SHIKUMEN, WHICH translates as “stone gate”, is a traditional Chinese architectural style characterised by strong frontal stone walls. , The style, which rose to prominence in the mid-19th century, is similar to the Anglo-American terraces which make up many of the West’s inner city residential areas writes ZUMC student Mei Hang
Many of Shanghai’s Shikumen areas are now modern representations of Chinese architecture and culture, merging contemporary and classical styles. They now combine the residential style of buildings used in Southern China with the Western lifestyle in a way which is typical of modern Shanghai.
The Shikumen architectural style is a huge part of China’s history. It now representS the modernization and commercialization of China, but it also reminds the Chinese people of the rich cultural history that they want to share and promote.

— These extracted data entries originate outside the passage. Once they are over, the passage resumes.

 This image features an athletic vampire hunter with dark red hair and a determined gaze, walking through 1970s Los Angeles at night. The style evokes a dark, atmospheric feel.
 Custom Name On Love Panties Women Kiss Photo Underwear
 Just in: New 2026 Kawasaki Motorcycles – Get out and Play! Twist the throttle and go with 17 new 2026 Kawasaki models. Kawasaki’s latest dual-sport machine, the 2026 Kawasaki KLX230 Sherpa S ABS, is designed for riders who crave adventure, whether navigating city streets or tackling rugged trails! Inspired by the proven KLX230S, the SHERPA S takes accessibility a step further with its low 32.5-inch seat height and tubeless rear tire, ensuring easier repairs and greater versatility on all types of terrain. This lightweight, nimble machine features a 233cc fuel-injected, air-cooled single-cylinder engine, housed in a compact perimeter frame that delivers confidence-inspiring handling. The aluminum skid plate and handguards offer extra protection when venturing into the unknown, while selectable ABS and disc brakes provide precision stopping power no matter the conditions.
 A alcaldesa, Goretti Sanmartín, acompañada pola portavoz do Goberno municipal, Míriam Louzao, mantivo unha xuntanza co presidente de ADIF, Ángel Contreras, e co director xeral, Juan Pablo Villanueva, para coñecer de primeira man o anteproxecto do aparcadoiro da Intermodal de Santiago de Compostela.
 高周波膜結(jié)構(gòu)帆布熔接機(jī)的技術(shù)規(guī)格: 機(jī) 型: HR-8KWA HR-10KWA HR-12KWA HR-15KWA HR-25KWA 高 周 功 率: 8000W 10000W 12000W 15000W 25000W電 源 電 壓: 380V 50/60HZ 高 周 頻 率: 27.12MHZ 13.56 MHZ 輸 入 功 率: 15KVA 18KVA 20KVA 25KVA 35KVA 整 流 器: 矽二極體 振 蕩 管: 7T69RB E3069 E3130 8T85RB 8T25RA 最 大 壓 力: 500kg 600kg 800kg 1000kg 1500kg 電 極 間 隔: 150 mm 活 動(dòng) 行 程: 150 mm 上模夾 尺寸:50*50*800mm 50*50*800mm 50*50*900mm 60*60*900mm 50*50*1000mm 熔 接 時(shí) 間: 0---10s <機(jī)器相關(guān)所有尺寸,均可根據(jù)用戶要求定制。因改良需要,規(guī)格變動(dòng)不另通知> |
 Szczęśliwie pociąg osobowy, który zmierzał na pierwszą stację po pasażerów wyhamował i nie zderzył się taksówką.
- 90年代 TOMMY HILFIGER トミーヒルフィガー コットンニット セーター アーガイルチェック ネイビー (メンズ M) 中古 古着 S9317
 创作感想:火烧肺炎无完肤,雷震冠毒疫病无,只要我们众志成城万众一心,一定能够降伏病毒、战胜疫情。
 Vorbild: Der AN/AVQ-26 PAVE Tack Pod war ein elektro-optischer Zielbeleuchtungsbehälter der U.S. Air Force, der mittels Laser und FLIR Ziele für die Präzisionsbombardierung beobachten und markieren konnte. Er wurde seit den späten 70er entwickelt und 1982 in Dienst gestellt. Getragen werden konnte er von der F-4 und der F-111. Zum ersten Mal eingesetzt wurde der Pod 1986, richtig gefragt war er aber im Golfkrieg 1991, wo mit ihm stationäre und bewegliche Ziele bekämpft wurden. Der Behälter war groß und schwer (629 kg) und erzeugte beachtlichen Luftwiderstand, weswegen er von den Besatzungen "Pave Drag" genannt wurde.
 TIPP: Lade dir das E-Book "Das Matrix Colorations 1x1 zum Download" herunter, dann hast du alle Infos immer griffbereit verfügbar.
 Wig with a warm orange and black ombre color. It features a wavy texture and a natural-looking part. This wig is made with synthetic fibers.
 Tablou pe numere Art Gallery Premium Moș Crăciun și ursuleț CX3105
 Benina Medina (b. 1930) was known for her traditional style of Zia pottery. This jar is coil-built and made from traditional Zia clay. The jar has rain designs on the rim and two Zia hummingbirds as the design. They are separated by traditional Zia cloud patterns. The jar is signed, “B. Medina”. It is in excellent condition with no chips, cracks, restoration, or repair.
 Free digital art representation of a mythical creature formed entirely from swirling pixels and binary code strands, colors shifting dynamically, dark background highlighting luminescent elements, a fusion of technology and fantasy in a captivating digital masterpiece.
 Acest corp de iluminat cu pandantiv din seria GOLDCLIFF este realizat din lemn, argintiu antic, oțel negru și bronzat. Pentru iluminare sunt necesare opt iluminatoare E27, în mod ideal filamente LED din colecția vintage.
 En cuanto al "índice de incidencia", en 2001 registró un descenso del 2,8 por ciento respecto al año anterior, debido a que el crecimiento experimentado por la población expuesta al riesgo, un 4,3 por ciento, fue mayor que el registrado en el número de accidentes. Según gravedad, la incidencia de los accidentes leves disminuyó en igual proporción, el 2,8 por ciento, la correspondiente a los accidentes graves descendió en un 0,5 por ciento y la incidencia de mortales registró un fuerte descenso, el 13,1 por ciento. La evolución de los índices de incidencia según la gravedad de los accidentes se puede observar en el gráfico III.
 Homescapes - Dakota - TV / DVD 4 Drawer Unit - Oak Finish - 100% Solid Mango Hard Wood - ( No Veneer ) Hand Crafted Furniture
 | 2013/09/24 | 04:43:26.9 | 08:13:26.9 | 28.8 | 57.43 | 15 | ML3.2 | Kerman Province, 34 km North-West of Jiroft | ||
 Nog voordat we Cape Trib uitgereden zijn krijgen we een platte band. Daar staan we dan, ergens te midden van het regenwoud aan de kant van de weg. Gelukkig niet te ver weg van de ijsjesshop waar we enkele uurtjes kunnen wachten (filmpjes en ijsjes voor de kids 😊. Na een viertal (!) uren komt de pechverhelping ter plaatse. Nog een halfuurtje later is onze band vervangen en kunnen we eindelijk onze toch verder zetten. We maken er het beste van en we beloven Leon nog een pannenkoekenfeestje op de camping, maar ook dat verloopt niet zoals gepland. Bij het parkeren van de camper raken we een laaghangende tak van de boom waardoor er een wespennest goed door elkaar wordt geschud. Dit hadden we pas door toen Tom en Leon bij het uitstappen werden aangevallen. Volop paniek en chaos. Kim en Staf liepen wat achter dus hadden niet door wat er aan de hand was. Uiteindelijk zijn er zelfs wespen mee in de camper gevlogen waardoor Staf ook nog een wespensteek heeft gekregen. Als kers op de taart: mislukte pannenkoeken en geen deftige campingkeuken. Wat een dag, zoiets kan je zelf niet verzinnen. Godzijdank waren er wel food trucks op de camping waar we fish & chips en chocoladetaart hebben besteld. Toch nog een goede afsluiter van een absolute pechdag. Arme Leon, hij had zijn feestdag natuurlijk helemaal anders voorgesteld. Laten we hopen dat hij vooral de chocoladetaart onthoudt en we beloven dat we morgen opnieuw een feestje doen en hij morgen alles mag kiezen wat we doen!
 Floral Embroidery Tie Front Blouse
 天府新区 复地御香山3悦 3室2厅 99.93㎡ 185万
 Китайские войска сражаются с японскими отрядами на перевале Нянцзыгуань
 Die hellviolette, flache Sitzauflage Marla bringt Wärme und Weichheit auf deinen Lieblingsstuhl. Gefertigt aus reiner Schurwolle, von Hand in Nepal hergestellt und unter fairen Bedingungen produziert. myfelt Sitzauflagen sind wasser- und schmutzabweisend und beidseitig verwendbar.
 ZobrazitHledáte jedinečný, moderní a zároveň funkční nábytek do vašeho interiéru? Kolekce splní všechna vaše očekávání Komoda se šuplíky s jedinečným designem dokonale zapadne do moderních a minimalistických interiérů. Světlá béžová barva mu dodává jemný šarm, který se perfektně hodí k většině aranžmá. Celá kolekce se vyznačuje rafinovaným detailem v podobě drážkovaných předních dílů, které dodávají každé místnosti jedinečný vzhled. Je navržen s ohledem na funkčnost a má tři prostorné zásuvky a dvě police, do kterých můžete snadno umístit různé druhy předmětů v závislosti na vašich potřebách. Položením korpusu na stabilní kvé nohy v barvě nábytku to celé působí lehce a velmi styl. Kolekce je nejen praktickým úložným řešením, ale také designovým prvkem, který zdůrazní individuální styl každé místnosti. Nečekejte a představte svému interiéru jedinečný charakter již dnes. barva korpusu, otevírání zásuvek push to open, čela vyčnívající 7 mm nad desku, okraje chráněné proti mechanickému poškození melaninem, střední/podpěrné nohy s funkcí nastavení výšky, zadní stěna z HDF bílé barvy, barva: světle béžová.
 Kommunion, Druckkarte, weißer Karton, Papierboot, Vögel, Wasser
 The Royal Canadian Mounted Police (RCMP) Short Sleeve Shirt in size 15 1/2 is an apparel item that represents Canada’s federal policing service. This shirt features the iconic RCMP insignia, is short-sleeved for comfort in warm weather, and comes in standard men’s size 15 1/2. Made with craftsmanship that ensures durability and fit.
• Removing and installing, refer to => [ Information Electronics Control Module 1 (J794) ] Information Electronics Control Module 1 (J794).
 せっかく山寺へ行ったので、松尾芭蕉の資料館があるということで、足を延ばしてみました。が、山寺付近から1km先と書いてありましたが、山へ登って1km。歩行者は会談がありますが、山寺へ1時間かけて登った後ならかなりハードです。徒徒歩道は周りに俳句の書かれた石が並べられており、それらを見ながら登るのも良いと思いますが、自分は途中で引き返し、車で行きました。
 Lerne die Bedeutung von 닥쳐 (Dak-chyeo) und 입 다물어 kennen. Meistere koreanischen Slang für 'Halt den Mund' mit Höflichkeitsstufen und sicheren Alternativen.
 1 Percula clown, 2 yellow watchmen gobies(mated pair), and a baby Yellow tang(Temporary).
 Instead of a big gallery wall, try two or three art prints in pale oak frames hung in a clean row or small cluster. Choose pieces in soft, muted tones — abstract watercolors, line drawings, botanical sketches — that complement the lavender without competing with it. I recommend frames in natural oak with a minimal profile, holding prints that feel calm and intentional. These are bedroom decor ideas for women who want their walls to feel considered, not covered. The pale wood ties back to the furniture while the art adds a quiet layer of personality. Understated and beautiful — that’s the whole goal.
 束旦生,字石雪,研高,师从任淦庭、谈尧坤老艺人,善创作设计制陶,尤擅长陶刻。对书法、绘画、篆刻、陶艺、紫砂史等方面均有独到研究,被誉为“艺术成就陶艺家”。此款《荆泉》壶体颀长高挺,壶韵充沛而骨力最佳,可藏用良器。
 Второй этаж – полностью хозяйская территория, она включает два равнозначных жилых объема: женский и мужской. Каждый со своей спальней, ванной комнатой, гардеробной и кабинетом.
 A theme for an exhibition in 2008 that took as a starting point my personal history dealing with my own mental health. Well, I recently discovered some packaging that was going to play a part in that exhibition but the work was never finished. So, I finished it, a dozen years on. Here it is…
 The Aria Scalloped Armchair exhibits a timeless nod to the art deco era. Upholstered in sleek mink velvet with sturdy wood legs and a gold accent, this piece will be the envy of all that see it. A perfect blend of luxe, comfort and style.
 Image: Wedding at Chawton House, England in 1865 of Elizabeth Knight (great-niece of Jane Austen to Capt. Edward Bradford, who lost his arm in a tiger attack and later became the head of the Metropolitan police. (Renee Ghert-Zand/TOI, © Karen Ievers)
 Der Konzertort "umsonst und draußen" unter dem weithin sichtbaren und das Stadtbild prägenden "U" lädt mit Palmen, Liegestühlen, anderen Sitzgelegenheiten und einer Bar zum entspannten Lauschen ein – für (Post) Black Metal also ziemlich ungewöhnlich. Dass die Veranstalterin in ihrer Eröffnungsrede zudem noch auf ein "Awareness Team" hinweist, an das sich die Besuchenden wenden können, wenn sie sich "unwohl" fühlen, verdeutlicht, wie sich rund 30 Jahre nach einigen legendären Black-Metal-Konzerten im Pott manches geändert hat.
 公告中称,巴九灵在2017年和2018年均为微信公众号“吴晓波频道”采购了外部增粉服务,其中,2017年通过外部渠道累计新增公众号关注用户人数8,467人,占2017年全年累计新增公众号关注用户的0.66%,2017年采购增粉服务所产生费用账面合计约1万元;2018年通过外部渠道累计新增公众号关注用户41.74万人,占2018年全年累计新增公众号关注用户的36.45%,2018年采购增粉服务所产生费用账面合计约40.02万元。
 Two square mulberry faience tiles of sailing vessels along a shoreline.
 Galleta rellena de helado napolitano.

Many of the Shikumen areas around Shanghai have been converted into shops, bars and restaurants in order to appeal to tourists visiting the city. Places such as the Tian Zi Fang creative garden and the Xiantindi shopping district are the best examples of this.
Walking through the Shikumen districts of Shanghai turns the clock back to 19th century Shanghai. It IS predicted that, due to the construction boom that continues to take place throughout the city, it would be difficult to see the authentic Shikumen style amongst the newer styles. China’s government now protects the city’s Shikumen, so fortunately we can still see the authentic Shanghai.